Subscription streaming, digital movie sales and digital movie rentals over the Internet all generated significantly more money than they did in 2018, DEG reported.
The trade association estimates consumers spent $15.9 billion on subscription streaming, which now accounts for 63% of the entire home entertainment market.
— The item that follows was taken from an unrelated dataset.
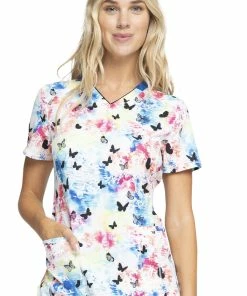 Butterfly lovers will adore the Infinity by Cherokee Women’s Rainbow Flight Print Scrub Top. The watercolor tie-dye background gives you so many options for mixing and matching.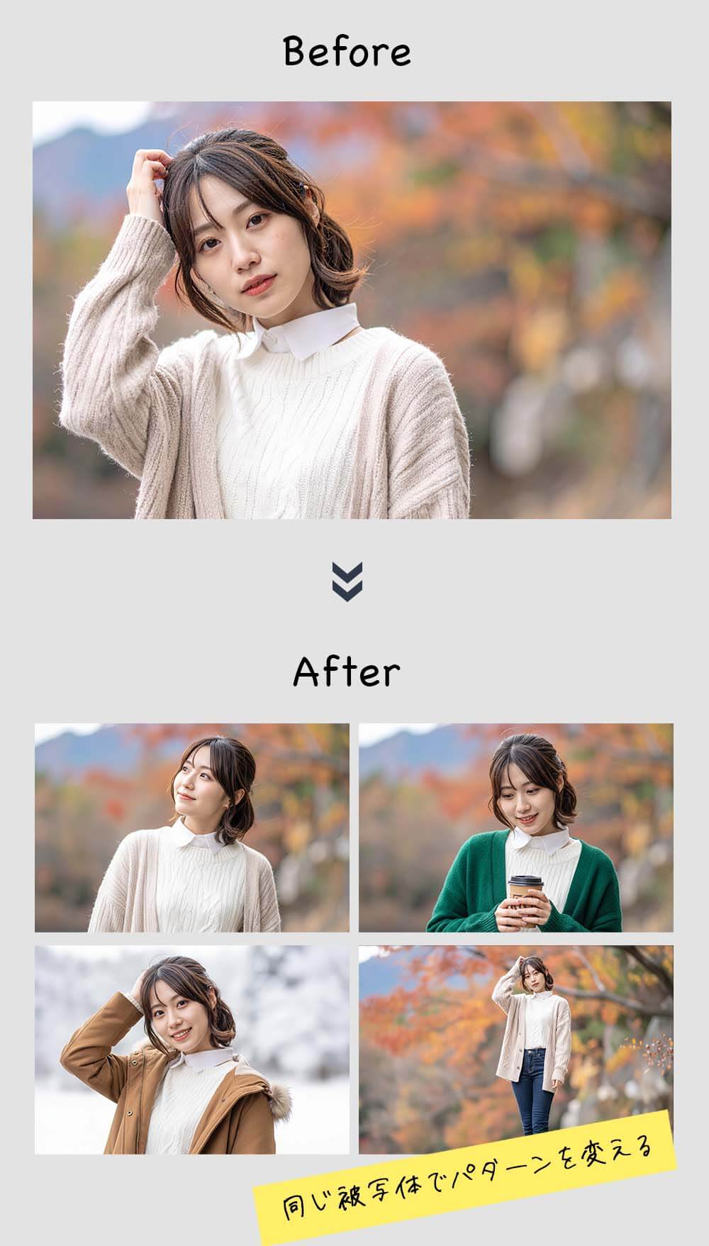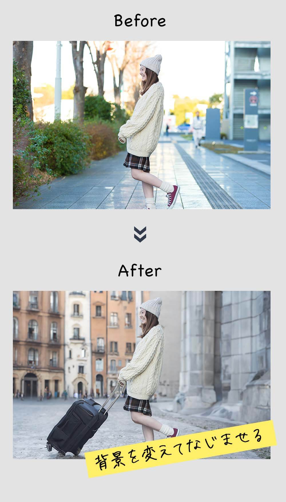 一人の被写体で、ポーズを変えたり、物を持たせたりといった編集が簡単にできるようになりました。

That’s a 23.7% spike from 2018.
Digital movie sales, commonly known as electronic sellthrough, or EST, were up 5.1% to nearly $2.6 billion — while digital movie rentals through Internet services, such as FandangoNow, Redbox On Demand, Vudu and Google Play, were up 9%. This reflects “consumers’ continued engagement with VOD, increasingly through Internet services,” DEG reported.
Consumers spent a total of $5.9 billion on buying movies and other filmed content, either on Blu-ray Disc, DVD, 4K Ultra HD or digital, DEG reported. That’s down 9.4% from 2018. Disc sales declined 18.2% to $3.29 billion.
Rental spending dropped 12.3% in 2019 to $3.4 billion, DEG reported. On the digital side, a la carte streaming generated $1.96 billion, down 6.2% from the prior year — chiefly due to consumers’ shift away from traditional pay-TV services. Disc rentals, meanwhile, slipped 19.5% to $1.44 billion, the biggest chunk of which came from kiosks, which finished the year with estimated sales of $884.6 million. Redbox leads the kiosk market, with more than 40,000 red vending machines, generally situated at large grocers and mass merchants such as Walmart.
Also on the rental side, Netflix’s legacy disc-by-mail rental business brought in an estimated $301.2 million, while the country’s waning number of video rental stores — once the home entertainment sector’s dominant revenue producer — collected just $250 million, a 21.1% decline from 2018.
On the transactional side, the top-performing movies included Disney’s Avengers: Endgame and Captain Marvel, Warner Bros.’ Aquaman and A Star is Born, and 20th Century Fox’s Bohemian Rhapsody. TV standouts included seasons one and two of “Yellowstone,” from Paramount; the “Game of Thrones” franchise, from HBO/Warner; Sony Pictures’ season four of “Outlander,” based on author Diana Gabaldon’s historical time travel book series of the same name; season nine of zombie series “The Walking Dead,” from Lionsgate; and season 12 of “The Big Bang Theory,” from Warner Bros.
According to DEG numbers, combined spending on disc sales and rentals was $4.73 billion, compared with $4.54 billion spent on electronic sellthrough and VOD, giving disc a 51% share of the transactional home entertainment market, down from 56% in 2018 and 62% in 2017.
At the same time that the DEG released its annual year-end numbers, Universal Pictures Home Entertainment shared some of its “Attitudes and Usage” study findings.
The key point: Home entertainment has evolved into a true multi-platform business. Universal found that consumers are using around three platforms on average, the most common bundle being disc purchase, disc rental and subscription streaming.